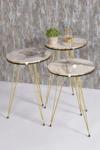 Zigon Sehpa 3'lü Altın Metal Ayak Krem Altın
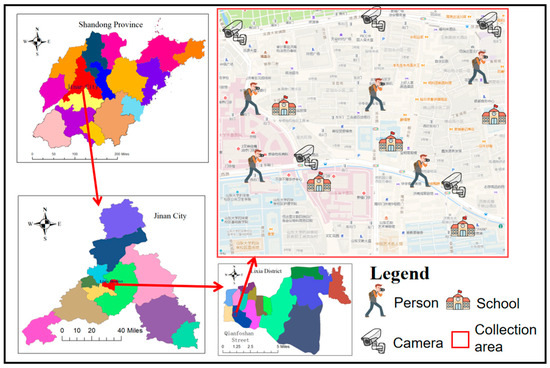 This study’s data collection focused on Lixia District, Jinan City, which is geographically bounded by Jingshi Road to the north, Qingnian East Road and Luowen Road to the west, Shunhe Elevated Road to the east, and Luoyuan Street to the south. This specific area was prioritized for data acquisition due to its demographic characteristics, notably encompassing three schools and exhibiting a high population density. Such attributes contribute to a pronounced use of electric tricycles for child transport, rendering this region highly representative for our research objectives. A more comprehensive visualization of this critical data collection area is provided in Figure 4.
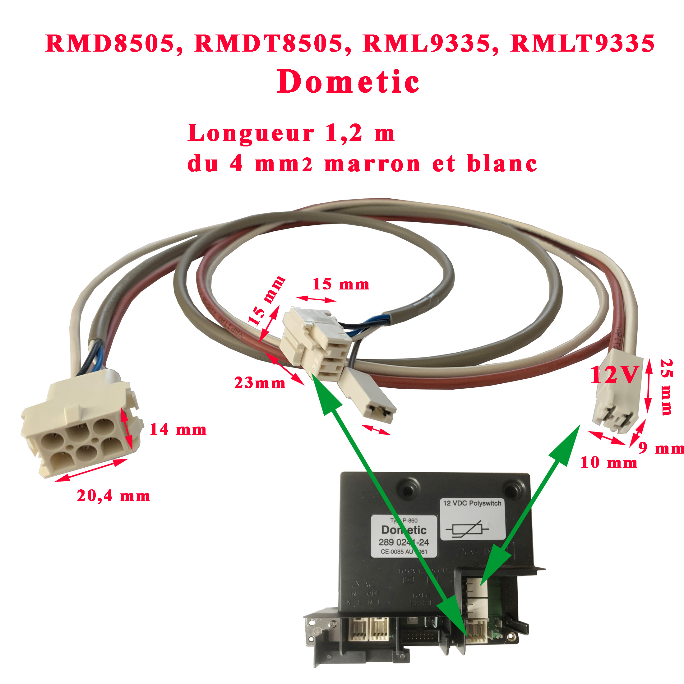 Dometic Câble, faisceau electrique 12V longueur 120 cm, de connection du P860 MRD8505, RMDT8505, RML9335, RMLT9335
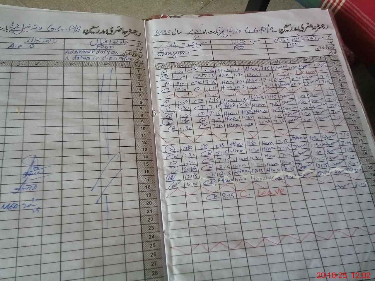 | CNIC | Full Name | Designation | R/C | Absence During Last Calender Month |
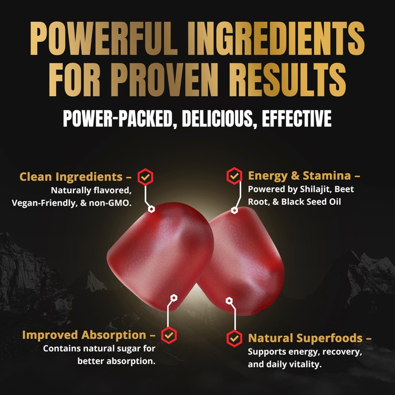 Gold Shilajit Gummies for Vitality: TRUE Shilajit Gummies support sharper focus, sustained stamina, & natural vitality; Crafted with Shilajit, Sea Moss, & Black Seed Oil, to fuel performance with proven ingredients in a delicious, easy-to-take form
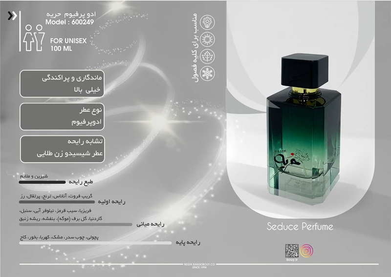 این ادوپرفیوم بوی ملایم و تقریباً خنکی دارد و برای استفاده در تمامی فصول سال بهغیراز زمستان پیشنهاد میشود. بطری این عطر خیلی شیک ساخته شده و بهخوبی در دست جا میشود.این عطر حجمی برابر با 100 میلیلیتر دارد و با توجه به غلظت خوبش تا مدت زیادی شما را از خرید عطر جدید بینیاز میکند. بهمحض اولین اسپری از این عطر روی پوست و محل نبضتان، متوجه بوی پرتقال، نارنج، گریپفروت، آناناس و گل رز خواهید شد. این ترکیب مرکباتی و میوهای با بوی شیرینش شادی و انرژی را به شما هدیه میکند. در ادامه و پس از مدتی این نتها جای خودشان را به نتهای میانی میدهند. نتهای میانی از گل فریزیا، گاردنیا، بنفشه، زنبق دره، نیلوفر و سیب قرمز ساخته شدهاند. بوی این گلها انرژی مثبت را در شما بیشتر میکنند. با گذشت زمانی طولانیتر شاهد جابهجایی نتهای میانی و پایانی خواهید شد. نتهای پایانی از گیاه پاتچولی، چوب سدر، بخار معطر، عنبر و مشک ساخته میشوند. بوی این ترکیب هیجان و تمرکز ویژهای را به شما هدیه میکند.خرید عطر حریه ، با توجه به پخش بوی قوی، ماندگاری خوب، شیشهی جذاب و شیک و حجم 100 میلیلیتریاش برای شما و کسی که این عطر را از شما هدیه میگیرد بسیار بهیادماندنی به نظر میرسد.
★ ★ ★ ★ ★ ★ ★
Please reproduce, exactly and only, the lines from the line containing "Gold Shilajit Gummies" through the last line of the material above, minus any pictures.

■ **Response to the exercise**
 Gold Shilajit Gummies for Vitality: TRUE Shilajit Gummies support sharper focus, sustained stamina, & natural vitality; Crafted with Shilajit, Sea Moss, & Black Seed Oil, to fuel performance with proven ingredients in a delicious, easy-to-take form
 این ادوپرفیوم بوی ملایم و تقریباً خنکی دارد و برای استفاده در تمامی فصول سال بهغیراز زمستان پیشنهاد میشود. بطری این عطر خیلی شیک ساخته شده و بهخوبی در دست جا میشود.این عطر حجمی برابر با 100 میلیلیتر دارد و با توجه به غلظت خوبش تا مدت زیادی شما را از خرید عطر جدید بینیاز میکند. بهمحض اولین اسپری از این عطر روی پوست و محل نبضتان، متوجه بوی پرتقال، نارنج، گریپفروت، آناناس و گل رز خواهید شد. این ترکیب مرکباتی و میوهای با بوی شیرینش شادی و انرژی را به شما هدیه میکند. در ادامه و پس از مدتی این نتها جای خودشان را به نتهای میانی میدهند. نتهای میانی از گل فریزیا، گاردنیا، بنفشه، زنبق دره، نیلوفر و سیب قرمز ساخته شدهاند. بوی این گلها انرژی مثبت را در شما بیشتر میکنند. با گذشت زمانی طولانیتر شاهد جابهجایی نتهای میانی و پایانی خواهید شد. نتهای پایانی از گیاه پاتچولی، چوب سدر، بخار معطر، عنبر و مشک ساخته میشوند. بوی این ترکیب هیجان و تمرکز ویژهای را به شما هدیه میکند.خرید عطر حریه ، با توجه به پخش بوی قوی، ماندگاری خوب، شیشهی جذاب و شیک و حجم 100 میلیلیتریاش برای شما و کسی که این عطر را از شما هدیه میگیرد بسیار بهیادماندنی به نظر میرسد.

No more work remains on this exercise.